Data excerpt: Begin

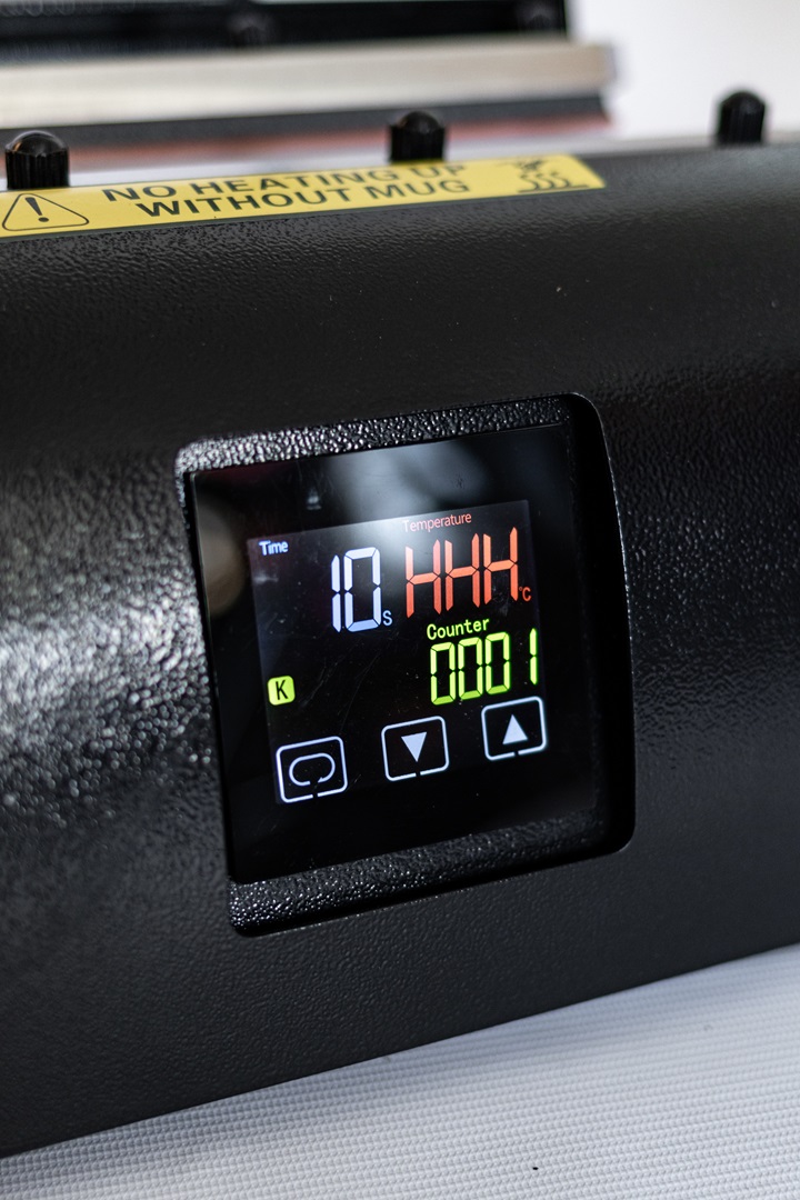 Двойная эффективность: Размер нагревателя позволяет запечатывать одновременно две стандартные кружки (11 oz / 330 мл), что сокращает время производства в два раза.
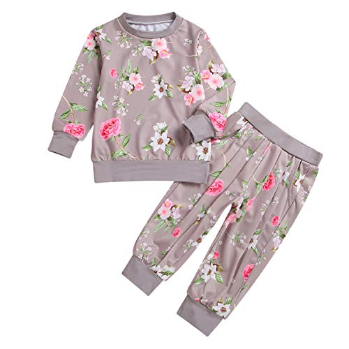 Puseky - Completo tuta pantaloni e felpa a manica lunga, disegno floreale, per neonate e bambine Floreale 2-3 Anni
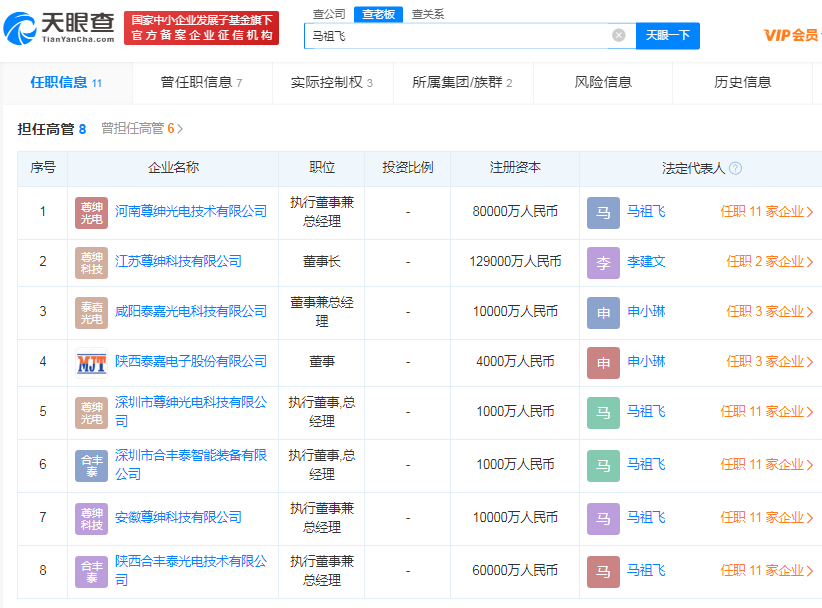 但在《第二轮审核问询函中有关财务事项的说明》中,大华会计师事务所称,马祖飞于2020年6月从发行人处离职,这与招股书披露的离职时间并不相符。另外,《第二轮审核问询函中有关财务事项的说明》中,大华会计师事务所称,马祖飞目前任职公司为5家,且任职公司的设立时间均在马祖飞从发行人离职之后。而公开信息显示,马祖飞目前在8家公司任职,且2020年5月26日,马祖飞已经是同业公司陕西泰嘉电子股份有限公司董事,2020年9月,马祖飞成为同业竞争企业河南尊绅光电技术有限公司法定代表人。2021年担任咸阳泰嘉光电科技有限公司董事总经理。但上述信息新相微并未披露。

Data excerpt: End

About this task: The listing above must be repeated exactly. Its pictures are not part of the copy.

Reply to the exercise:
 Двойная эффективность: Размер нагревателя позволяет запечатывать одновременно две стандартные кружки (11 oz / 330 мл), что сокращает время производства в два раза.
 Puseky - Completo tuta pantaloni e felpa a manica lunga, disegno floreale, per neonate e bambine Floreale 2-3 Anni
 但在《第二轮审核问询函中有关财务事项的说明》中,大华会计师事务所称,马祖飞于2020年6月从发行人处离职,这与招股书披露的离职时间并不相符。另外,《第二轮审核问询函中有关财务事项的说明》中,大华会计师事务所称,马祖飞目前任职公司为5家,且任职公司的设立时间均在马祖飞从发行人离职之后。而公开信息显示,马祖飞目前在8家公司任职,且2020年5月26日,马祖飞已经是同业公司陕西泰嘉电子股份有限公司董事,2020年9月,马祖飞成为同业竞争企业河南尊绅光电技术有限公司法定代表人。2021年担任咸阳泰嘉光电科技有限公司董事总经理。但上述信息新相微并未披露。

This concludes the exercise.